Activity:
What you return must be the lines from the first one below through the one containing "Struttura in legno", exactly and with pictures excluded.

(Records contained in a dataset)
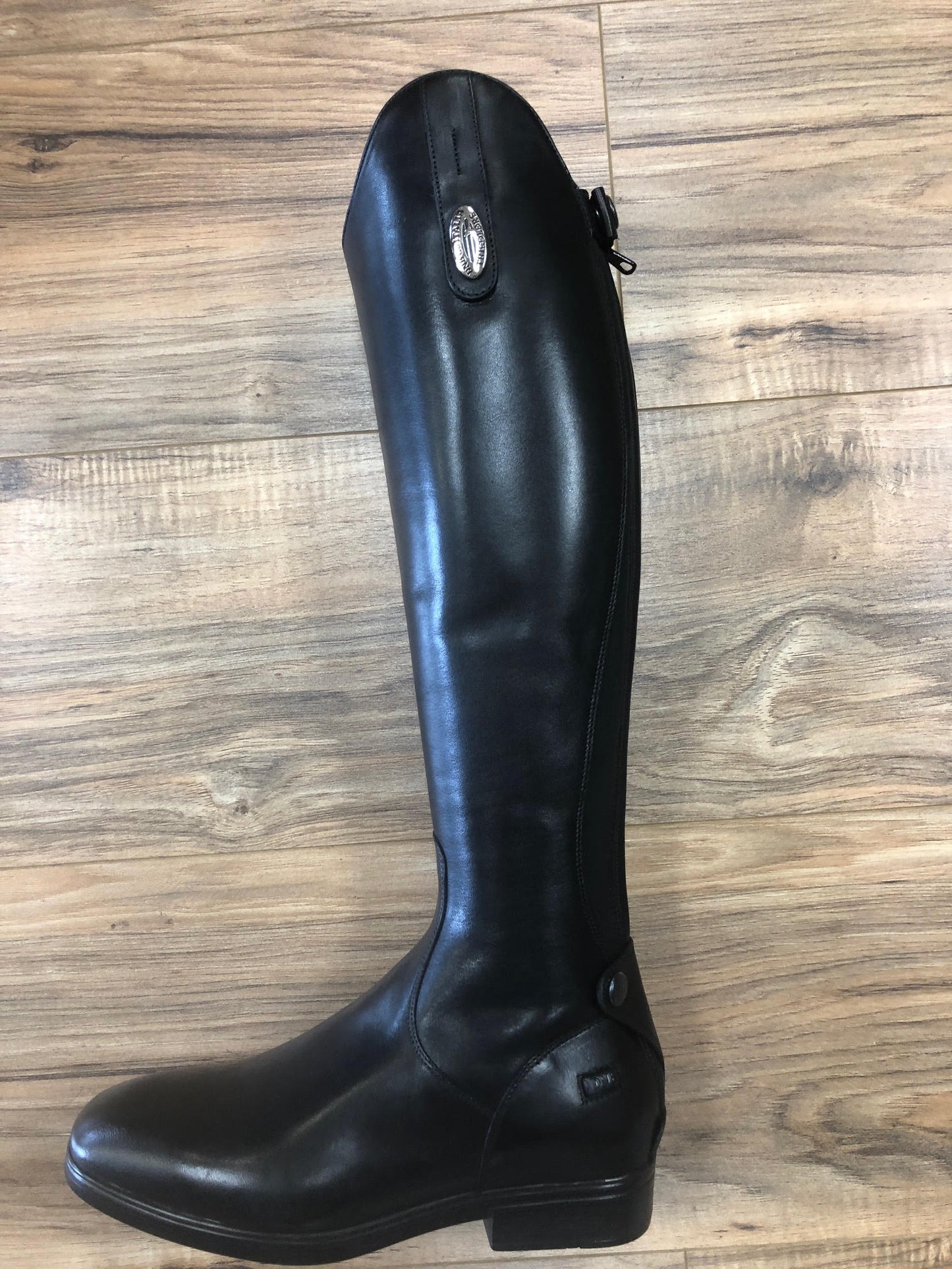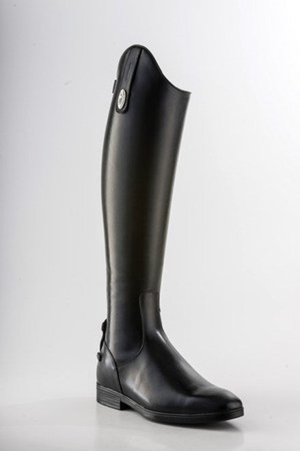 • Soft smooth calfskin leather, YKK rear zipper, elastic panel along the zipper allows a comfortable fit. An inlaid patch on the inner leg for a better performance and durability of the boot. The bottom zip guard includes a rear spur stud on a double level. Removable insole with activated carbon absorbs shock. New Tricolore Sole, light, elegant and of great performance.
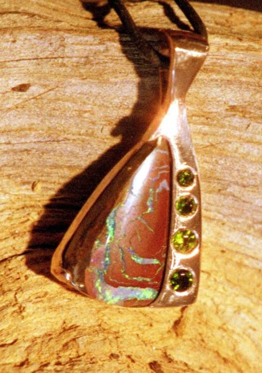 | | Here is the finished Engagement Ring and Wedding Guard Set in Sapphire and White Gold as originally Computer-rendered on the left. The Rings are set slightly askew in the picture to better show them individually, but they are worn as the rendering shows. | | Here is a Koroite Opal Pendent (also known as Ironstone Opal) in 14K Yellow Gold with emerald green Chrome Diopside accents. |
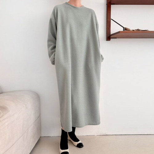 무드인더 라운드넥 오버핏 무지 롱원피스
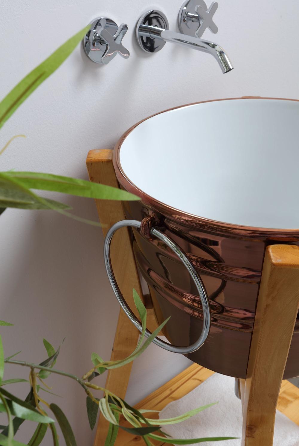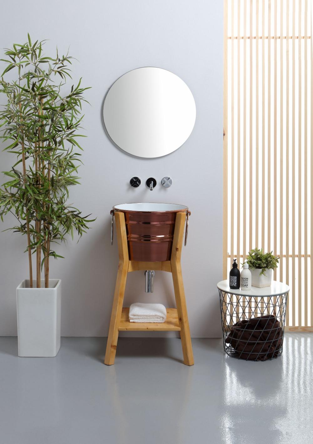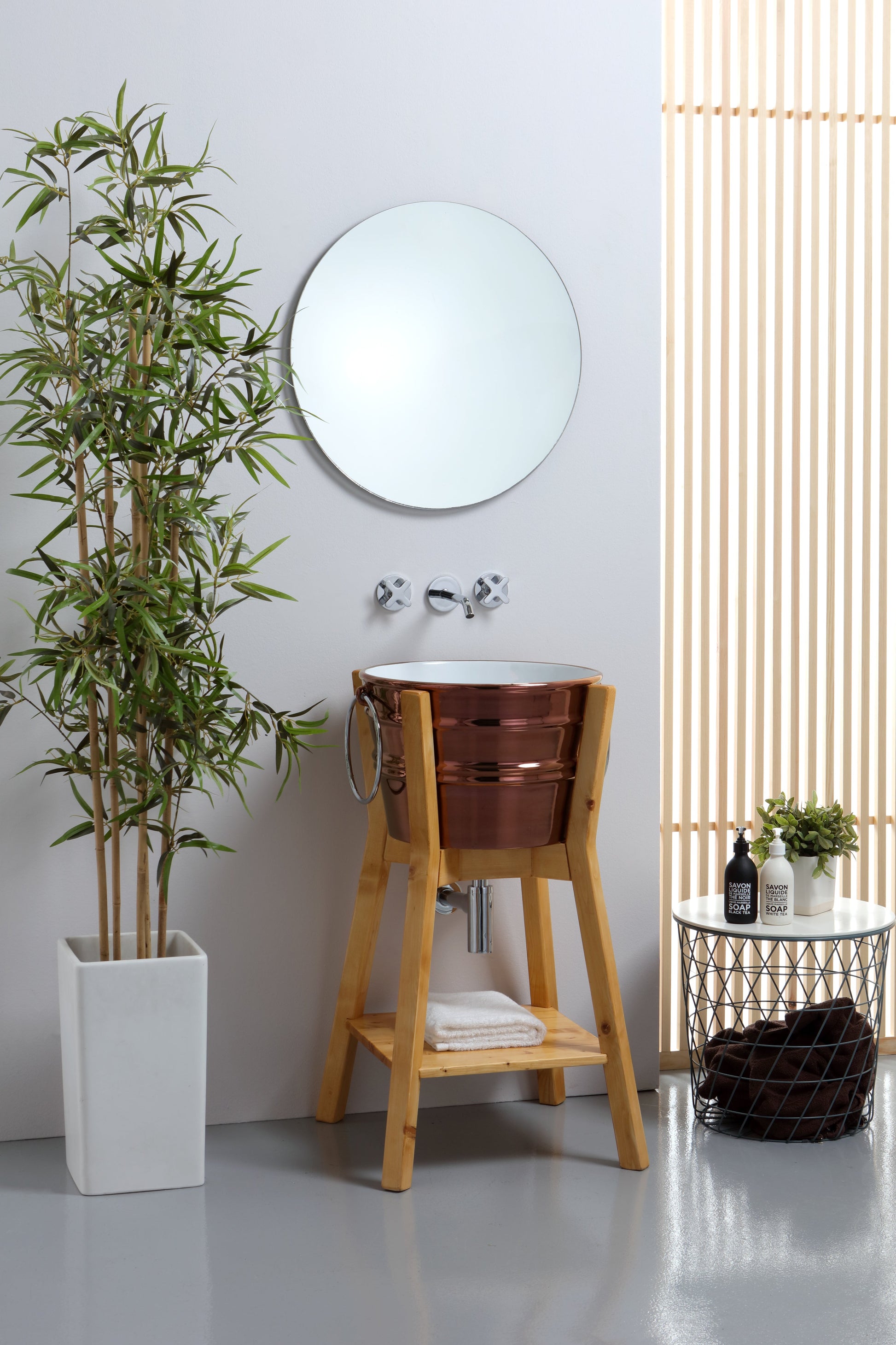 Struttura in legno portalavabo, a terra, con o senza ripiano, disponibile in 3 finiture, per lavabo Bacile.
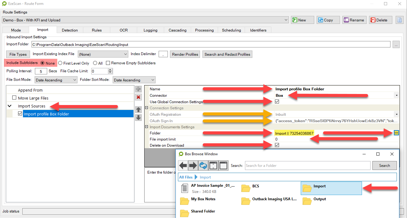 TIP: When importing from BOX (instead of a Windows file system) via “Import Folder Processing”, the Release function of the EzeScan client will not be able to release the downloaded document back to BOX and will instead release to the import folder specified in the EzeScan job. This is where it will be reloaded when “Import Folder Processing” is next called upon.
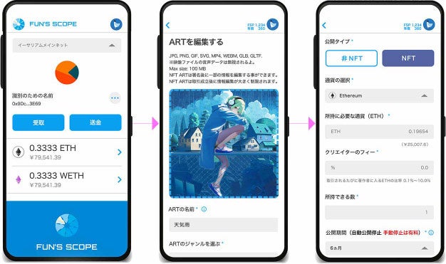フォア株式会社は、イラスト・写真・AIアート投稿サイトから作品をシームレスにNFTアート化することができるミュージックプレイヤーアプリ「FUN’S SCOPE」をリリースする。

Expected answer:
 • Soft smooth calfskin leather, YKK rear zipper, elastic panel along the zipper allows a comfortable fit. An inlaid patch on the inner leg for a better performance and durability of the boot. The bottom zip guard includes a rear spur stud on a double level. Removable insole with activated carbon absorbs shock. New Tricolore Sole, light, elegant and of great performance.
 | | Here is the finished Engagement Ring and Wedding Guard Set in Sapphire and White Gold as originally Computer-rendered on the left. The Rings are set slightly askew in the picture to better show them individually, but they are worn as the rendering shows. | | Here is a Koroite Opal Pendent (also known as Ironstone Opal) in 14K Yellow Gold with emerald green Chrome Diopside accents. |
 무드인더 라운드넥 오버핏 무지 롱원피스
 Struttura in legno portalavabo, a terra, con o senza ripiano, disponibile in 3 finiture, per lavabo Bacile.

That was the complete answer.